Insane

874 80 50
                                    

Jinnam/Namjin

.

Angst

.

Summary: Namjoon hanya ingin melarikan diri.

.

.

.

.

.

Suara tapakan kaki yang tergesa-gesa bergema di sebuah lorong gelap. Seorang pemuda berlari, menggerakkan kakinya secepat mungkin. Menghindari apapun yang mungkin mengejarnya di belakang sana.

Nafasnya yang memburu menyesakkan dada, namun ia tak berniat untuk memelankan gerakan kakinya sama sekali. Meskipun telapak kakinya yang telanjang kesemutan karena dinginnya ubin yang ia injak.
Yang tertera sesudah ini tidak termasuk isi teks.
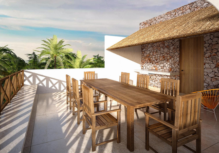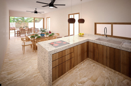 - Cocina y rooftop: Granito Tulum.
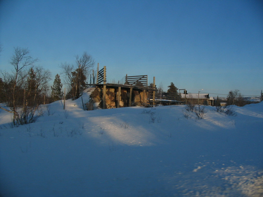 A roadside public concert stage. (Just kidding. I have no idea about this.) — Edit 3/26/2019: looks like there's wire fencing receding from both upper "gates" as well as to the left in foreground, so it seems to be a junction of fenced regions — having to do with reindeer maybe, to keep them in or out? The between-parallel-fences passage seems much like an international no-man's-land, but this is still inside of Finland. The wooden structures also seem similar to those in the border photos below.
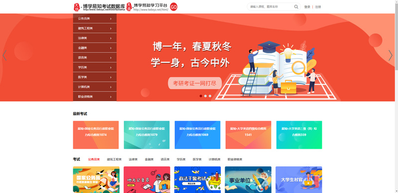 《博学易知公考数据库》平台以在线考试管理系统和教学资源库系统为基础,结合高质量的系列精品公务员考试职业培训课程,并提供历年公务员真题、模拟题等系列资源,为全国各地公务员考试人员及事业单位从业者提供公务员考试系统化辅导课程的多媒体数据库,辅助学员全面提升行政职业能力、表达能力、协调能力等,通过公务员考试成为一名合格的公务人员,为国家发展贡献自己的力量。平台课程包含行政职业能力、申论、面试等全程体系化课程,课程内容涉及导学、基础、习题、冲刺、专题等。视频课程贴近考试实际,涵盖大纲全部知识点,是提高考生各项考试知识技能、有效学习、快速通过考试的重要法宝。
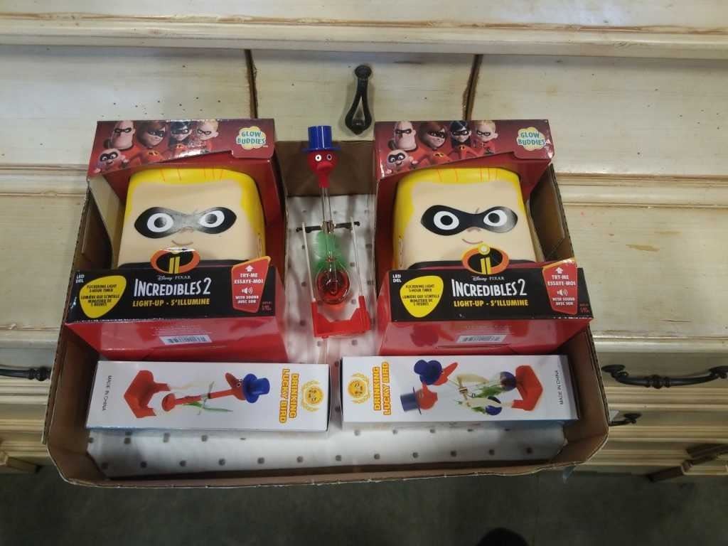 2 INCREDIBLES 2 GLOW BUDDIES FIGURES AND DRINKING BIRDS
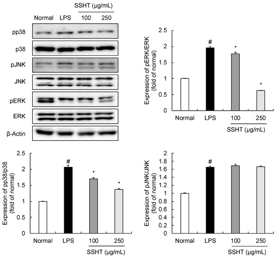 Effect of SSHT on p38, JNK, and ERK phosphorylation and total protein levels in LPS-stimulated RAW 264.7 cells. Cells stimulated with or without LPS were treated with or without SSHT (100 and 250 µg/mL). Data are presented as the mean ± SD (n = 3). # p < 0.05 vs. normal group. * p < 0.05 vs. LPS group. Original blot images can be found in Supplementary File S1.
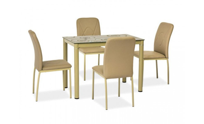 Galds DAMAR ir neliels mūsdienīgs galds, kas paredzēts dzīvokļiem, kur mēs vēlamies izveidot nelielu stūri, kur ērti sēdēt kopā ar ģimenes locekļiem, lai paēstu kopā. Galdam ir cieta metāla pamatne, krāsota tumši bēšā krāsā. Augšdaļa ir izgatavota no izturīga un droša rūdīta stikla tādā pašā krāsā. Galda virsma ir dekorēta ar drosmīgu rakstu, kas uzlabo šīs mēbeles skaistumu. Pateicoties stikla izmantošanai, darba virsmu ir ļoti viegli uzturēt tīru.
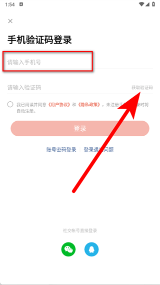 3、進入手機驗證碼登錄頁面,輸入手機號碼,點擊獲取驗證碼按鈕。
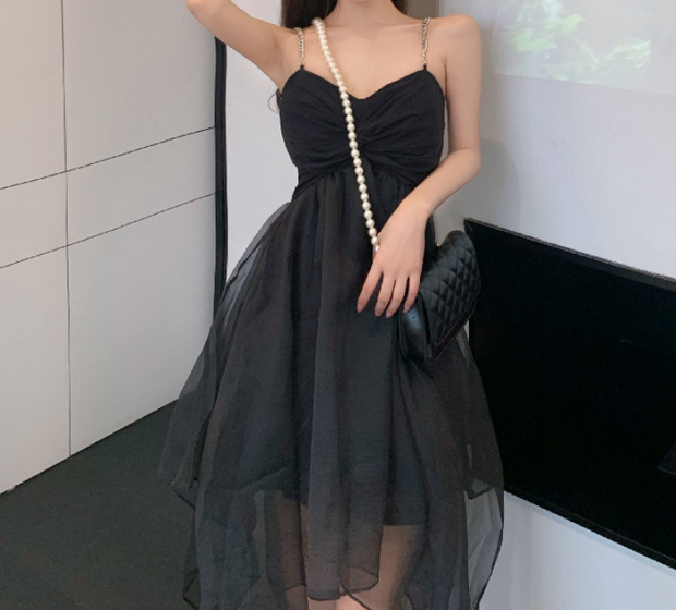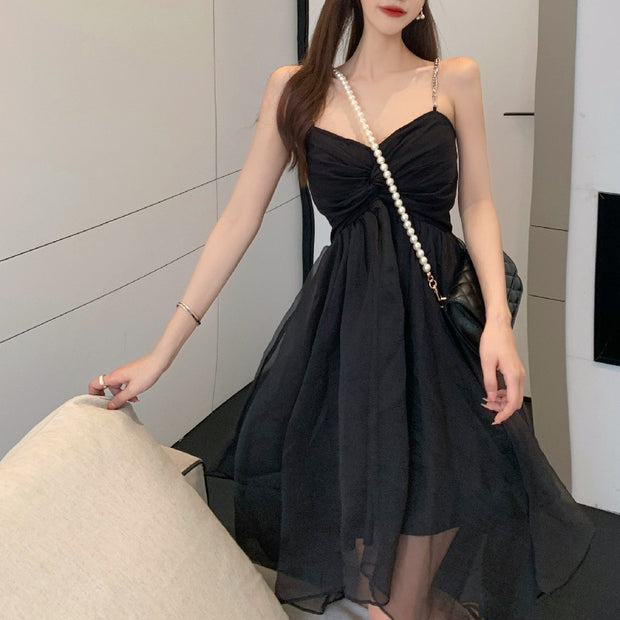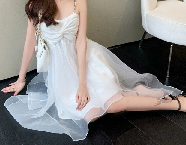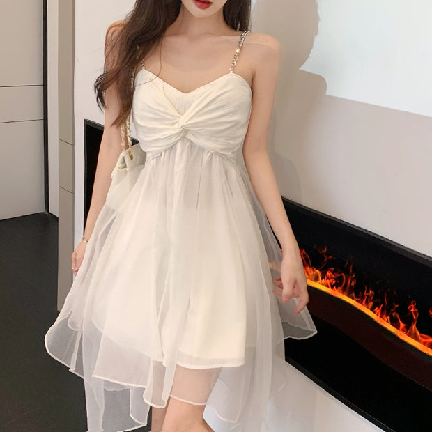 Summer French Super Fairy Sling Design Mesh Fairy Sweet Cocktail Dress

Dari belakang terdengar suara seseorang yang terus memanggil namanya, membuat dadanya berdentum kuat.

Ia takut. Sangat takut.

Tak lama kemudian setelah beberapa menit yang terasa seperti selamanya, terlihat sebuah pintu keluar di ujung lorong. Jendela berbentuk persegi di pintu itu menguarkan cahaya terang dari dunia luar. Netra sang pemuda bersinar melihatnya. Ia merasakan harapan. Sebentar lagi ia akan bebas.

Ia memaksa kakinya bergerak hingga batas maksimum. Mulutnya menyunggingkan senyum senang sembari tangan kanannya direntangkan ke depan. Bersiap menyambut dunia yang tidak ia ketahui di luar sana.

Semakin dekat.....

Tinggal sedikit lagi....

Namun miris.

Sesaat sebelum tangannya menyentuh permukaan besi pintu tersebut, sepasang tangan menahan bahunya dan menariknya ke belakang. Punggungnya membentur dada seseorang.

"AARGH... LEPAS!!"

Ia sontak panik dan mulai memberontak. Tetapi tubuhnya yang kekurangan asupan gizi tentu takkan menandingi kekuatan orang di belakangnya yang mencengkram dia dalam kungkungan sekeras baja.

Namun semua kepanikannya langsung sirna begitu suara seseorang yang begitu ia kenal menyapa gendang telinganya. "Ini aku, Namjoon."

Air mata sang pemuda―Namjoon seketika luruh, "Seokjinnie...."

Seseorang bernama Seokjin itu membalikkan tubuh Namjoon hingga keduanya berhadapan. Ia menangkup pipi yang lebih muda dan memberikan kecupan singkat di bibir Namjoon yang berdarah karena digigit terlalu kuat. "Jangan menangis, aku disini." Ujarnya kalem.

Namjoon menggenggam kedua tangan Seokjin yang berada di pipinya, tersedu tanpa suara. "Aku t-takut. Sekali. Ku-kukira mereka mengejarku...."

Seokjin menggeleng, menempelkan kening keduanya. "Tidak apa-apa Joonie, tidak perlu takut. Mereka sudah lenyap. Mereka takkan mungkin menyakitimu, percayalah padaku."

"T-tapi aku mendengar suara mereka! Mereka bilang, a-aku bersalah, aku harus di hukum, AKU PANTAS MATI!! Mereka bilang begitu!!"

"Suara-suara itu hanya ada di kepalamu!" Tukas Seokjin tegas. Tangannya perlahan naik hingga menangkup telinga yang lebih muda, seolah ingin melindungi dari suara apapun yang hendak menyakitinya. "Hanya aku yang bersamamu. Hanya aku yang berbicara padamu. Jangan takut dan dengarkan suaraku. Konsentrasilah padaku seorang."

Seokjin mengulangi kalimat itu beberapa kali hingga tangisan Namjoon perlahan mereda. Namjoon menarik nafas panjang. Berusaha menenangkan diri. "B-baiklah."